* WHAT TO WORK ON
Below is a listing; restate from it, character for character, the lines beginning at the line holding "Bomboniera matrimonio, scatola" and ending at the line holding "Epson Scan поддерживает", both included.
*** EXERCISE MATERIALS Section Begins ***
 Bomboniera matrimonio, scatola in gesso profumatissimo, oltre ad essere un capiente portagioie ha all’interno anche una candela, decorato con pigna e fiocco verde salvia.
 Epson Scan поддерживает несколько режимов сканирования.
*** EXERCISE MATERIALS Section Ends ***
*** EXERCISE MATERIALS Section Begins ***
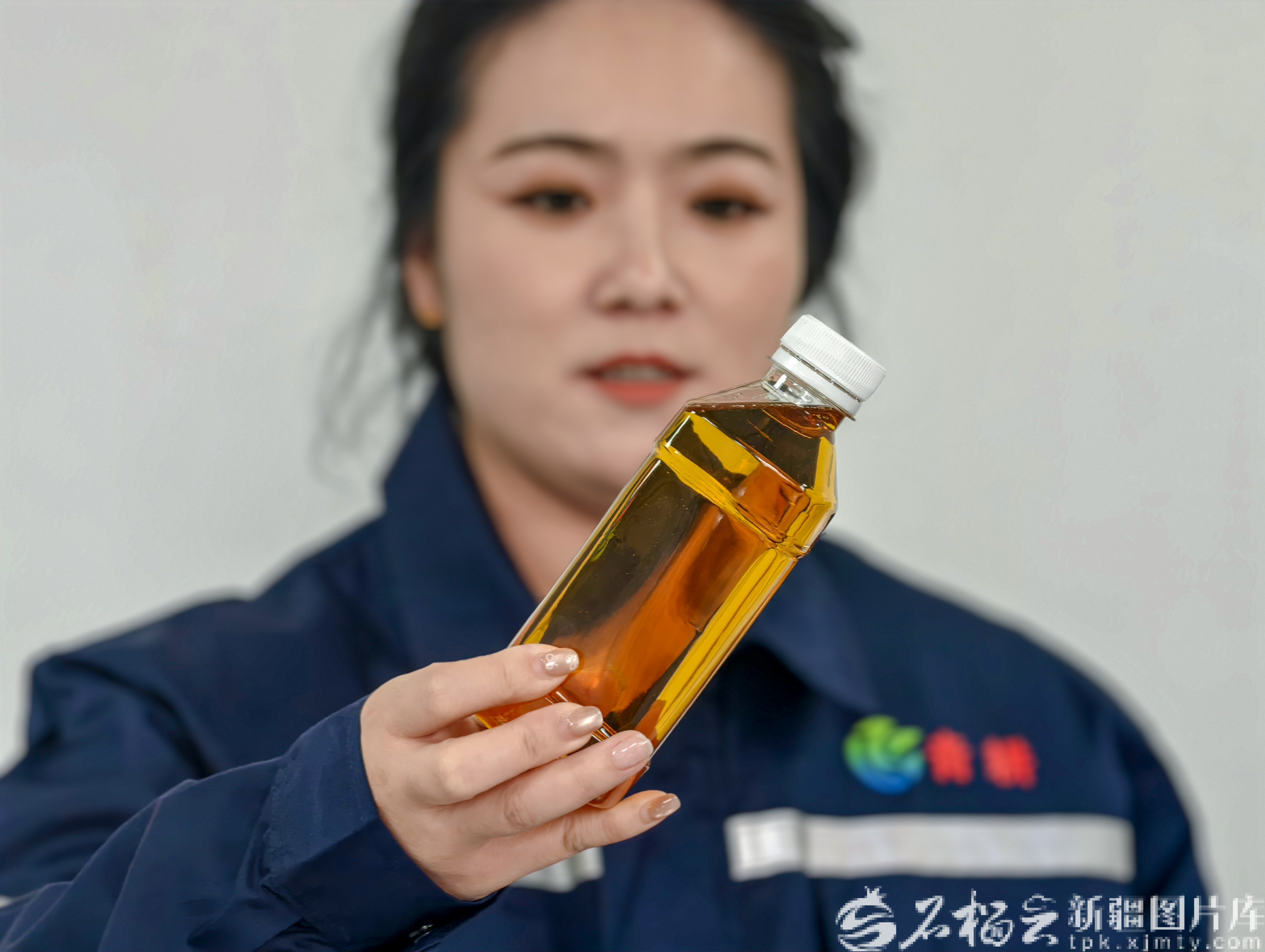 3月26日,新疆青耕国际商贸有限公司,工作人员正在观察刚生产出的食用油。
*** EXERCISE MATERIALS Section Ends ***
*** EXERCISE MATERIALS Section Begins ***
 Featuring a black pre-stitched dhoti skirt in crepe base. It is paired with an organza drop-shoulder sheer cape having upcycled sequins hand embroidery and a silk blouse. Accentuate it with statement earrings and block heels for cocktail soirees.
*** EXERCISE MATERIALS Section Ends ***
* SOLUTION TO THIS TASK
 Bomboniera matrimonio, scatola in gesso profumatissimo, oltre ad essere un capiente portagioie ha all’interno anche una candela, decorato con pigna e fiocco verde salvia.
 Epson Scan поддерживает несколько режимов сканирования.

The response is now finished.